I am not a lawyer, but I think that if shooting had stopped at a shooting range and protestor(s) stood in front of the targets, anyone shooting them would be committing a crime.
Allow me to not reply to both posts with the same answer.
That is what I started reading too at the beginning of the article. However, if you continue reading the article the way the author presents this as a conspiracy/epidemic across the U.S: drivers choose to find themselves in protests and drive through them.
The author even when quoting instances where the police was present (as implied or indicated by the author) reported the actions as reasonable, takes the judicial stand and deems them unlawful. That is not professional and not proper journalism.
> “I think about the fact that, in May and June of last year, we have this intense ... creation of fear about these peaceful demonstrations,” said Shannon Hiller, director of the Bridging Divides Initiative at Princeton University. “That creates targets of opportunity and fear.”
While this is a common happenstance unfortunately worldwide when a roadblock happens and a crowd "meets" a car, as acknowledged by the author (so I am also going to skip citation here I guess), it is presented via a different viewpoint by the author.
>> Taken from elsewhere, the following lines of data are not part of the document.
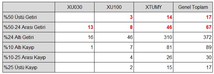 Sadece 84 adet hisse bu yükselişe eşlik edebilmiş olduğuna göre, bu yükselişin pek de yaygın olarak yaşandığını söylemek doğru olmayacaktır.
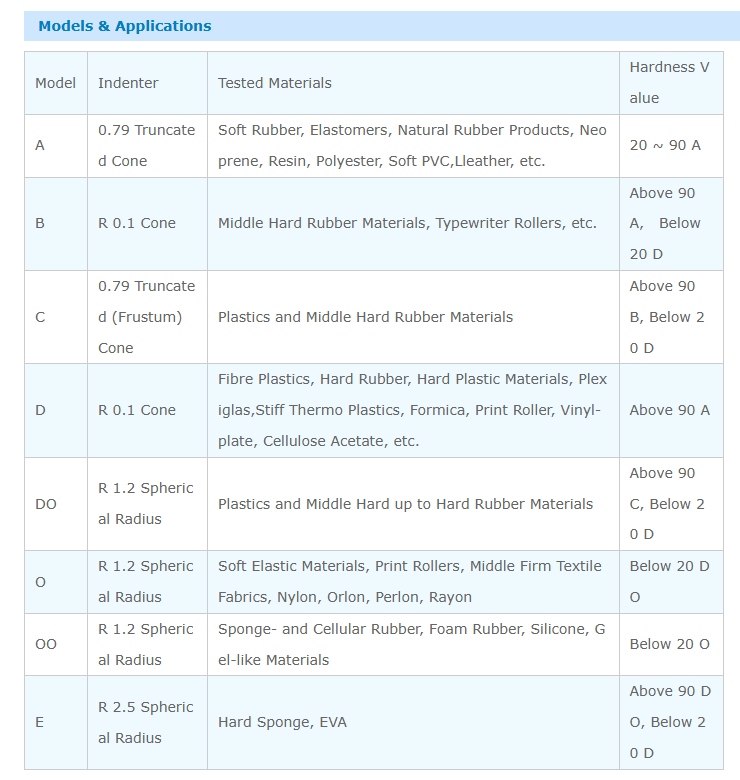 * It meets standards of DIN 53505, ISO 868, ISO 7619, ASTMD 2240, JISK7215.
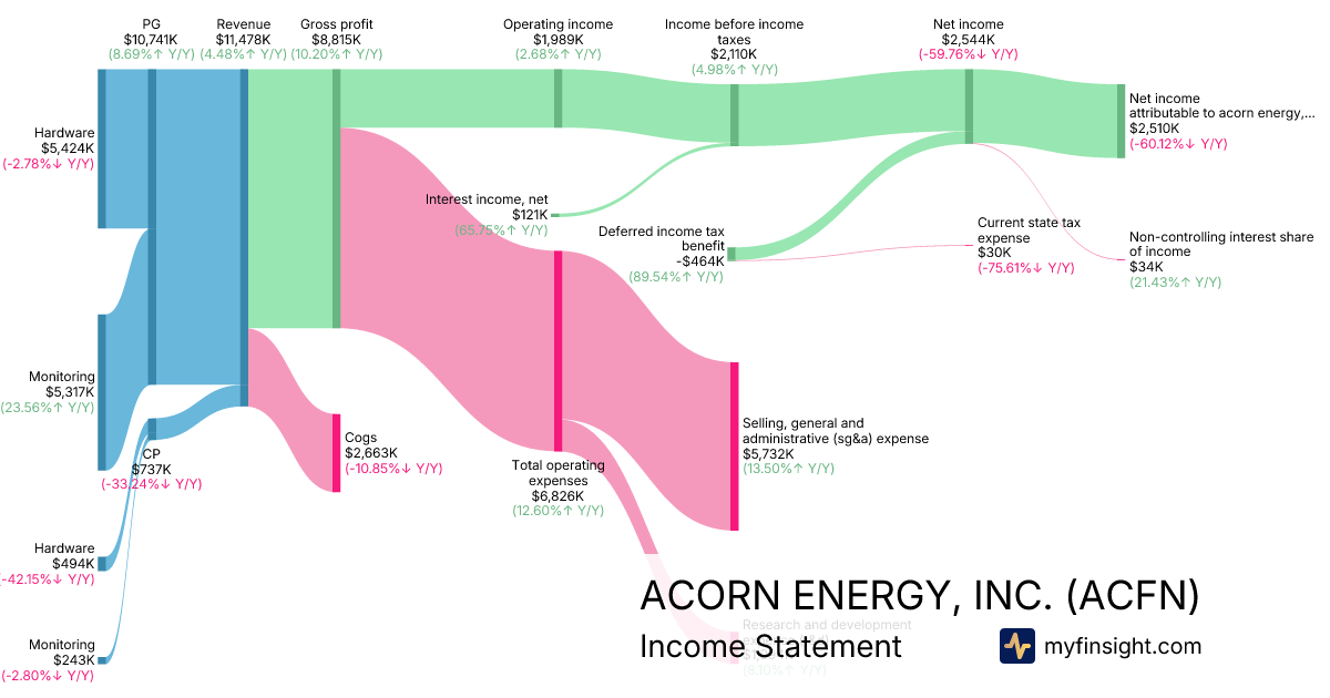 For the year ending 2025-12-31, ACFN made $11,478K in revenue. $2,510K in net income. Net profit margin of 21.87%.

Where I am from (Greece), farmers when taking over highways use tractors to do so and place warnings ahead of the roadblock -- for that reason. So I find it weird, that U.S. drivers are just maniacs that are out to get the protestors. Nobody is claiming that some of the drivers are not in the wrong, but there is a huge unsupported leap to "this is an epidemic and a conspiracy of serial killers." (Added a bit of an emotionally written claim here on purpose, just to stress my later point below.)
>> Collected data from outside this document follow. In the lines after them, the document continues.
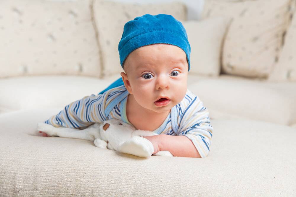 Для стимуляции умения поднимания головы и плеч в позе лежа на животе (когда малыш опирается на предплечья) чаще выкладывайте ребенка на живот с одновременным раскладыванием вокруг младенца ярких игрушек. С этой целью также часто используются специальные .
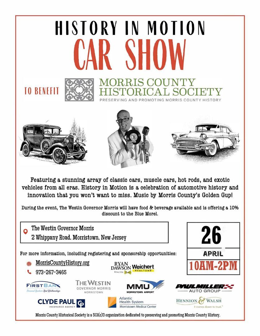 Join Morris County Historical Society at The Westin Governor Morris for our second annual “History in Motion” Car Show. Dozens of classic cars, muscle cars, antique cars, hot rods, and exotic cars, foreign and domestic, will be on display at this fundraiser that celebrates automotive history. Music will be provided by Denville’s Golden Gup from his custom pink 1965 Ford F-100. Next door, at Acorn Hall, attendees will see pieces from MCHS’s collection, including a spindle seat carriage, one-horse open sleigh, high-wheel bicycle, ice sled, and other historic pieces of personal transportation. Local historians and historical societies will also be on hand with exhibits and displays related to local history. Admission is free. MCHS thanks current sponsors The Westin Governor Morris, Clyde Paul, First Bank, Morristown Airport, Paul Miller Auto Group, Hennion & Walsh, Atlantic Health, and Ryan Dawson, Weichert Real Estate. We also thank Ship Morristown; Hans Clothier; Shade Tree Garage; Rokbuttomed; Rumble Boxing; Elizabeth Gray Kogen; Victor Maisano, CPA; the Turner Family; and the Platt Family for their support. To register your car for the show go to: https://morriscountyhistory.org/history-in-motion-car-show/Doz
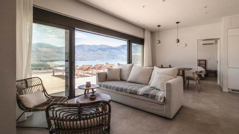 Die Unterkunft befindet sich in Pogoniá, in der Nähe der Festung Agia Mavra und weniger als 30 km vom Flughafen Aktion entfernt. Die Umgebung bietet eine malerische Berglandschaft.
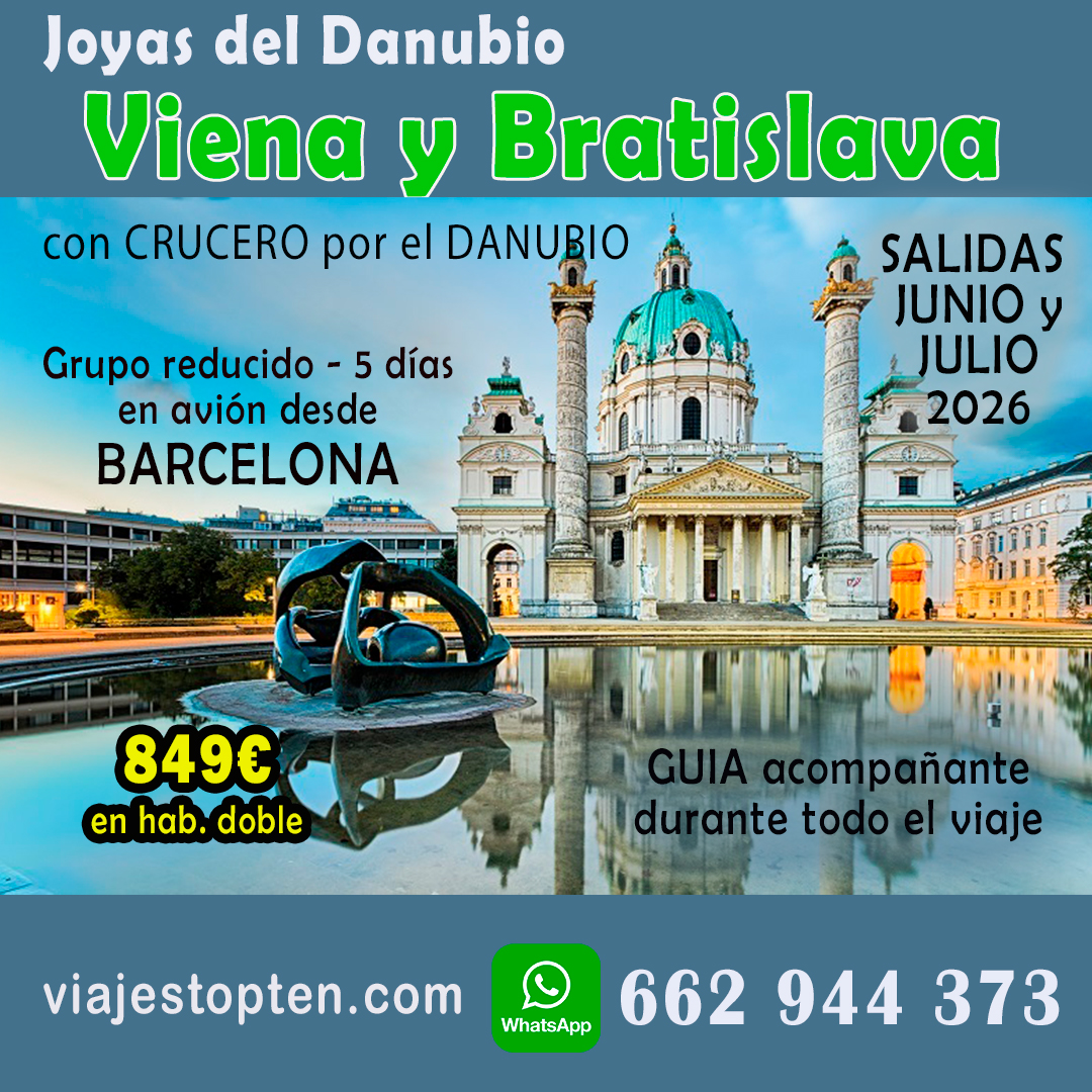 Precio: 849€ en hab. doble en hotel 3* en ciudad de Viena. Suplemento habitación individual 223€

Why is the simpler: a lot of highway demonstrations started happening leading to more such unfortunate occurrences not being refuted by the author? (That would still have been a problem that needs to be addressed but less of a clickbait claim.)
Further on: while the author presents cases where the police and prosecution chose to prosecute and indict the drivers, in all of the instances and examples where they did not, the journalist with little explanation contemns the action.
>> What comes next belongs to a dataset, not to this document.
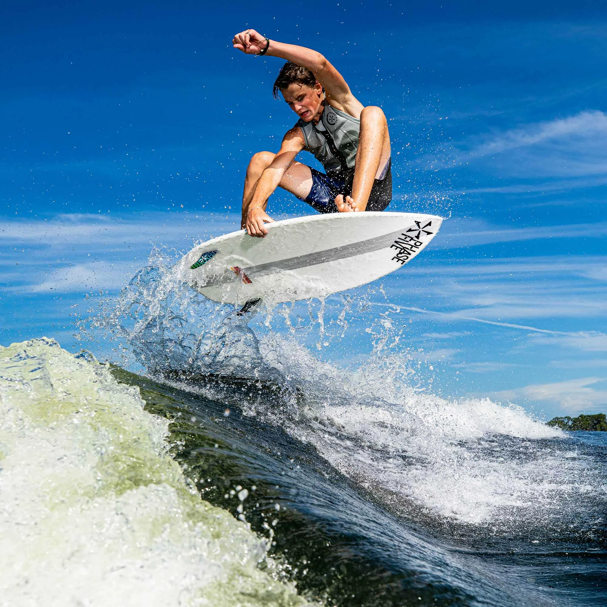 The Aku Wakesurfer was the first surf style board introduced by Phase Five. This is a fast, rail to rail, air boosting machine. The Phase Five Aku features a diamond bumped wing tail for optimum pivot and pop. It harnesses a nicely pulled in nose that enables aggressive carving on the wave without nose diving.

Every mention of drivers claiming fear for their lives or some other defense is too succinct, and presented with a dismissive tone and does not attempt to provide that vantage point. (I had to go through those passages twice just to make sure I am not misreading.) Having experience in demonstrations I find it hard to believe. If it stayed peaceful, refutation can at least be attempted of drivers self-defense.
Finally, there is multiple mention of researchers and related evidence/police reports, yet they are not cited (even if informal/work in progress, they should be).
There is a heavy emotional and sensationalist element in the article, and little legal perspective or documentation provided. More facts that are more objective would be desirable.
P.S. As my last point, I know it might sound too much, but take from someone with some experience in demonstrations: be smart and do not use your body as a roadblock to a car when mob mentality is involved. It is really hard and a science to keep sanity and calmness during a demonstration: there is always at least one group from the multiple involved (incl. the police) that wants fear or anger to spread.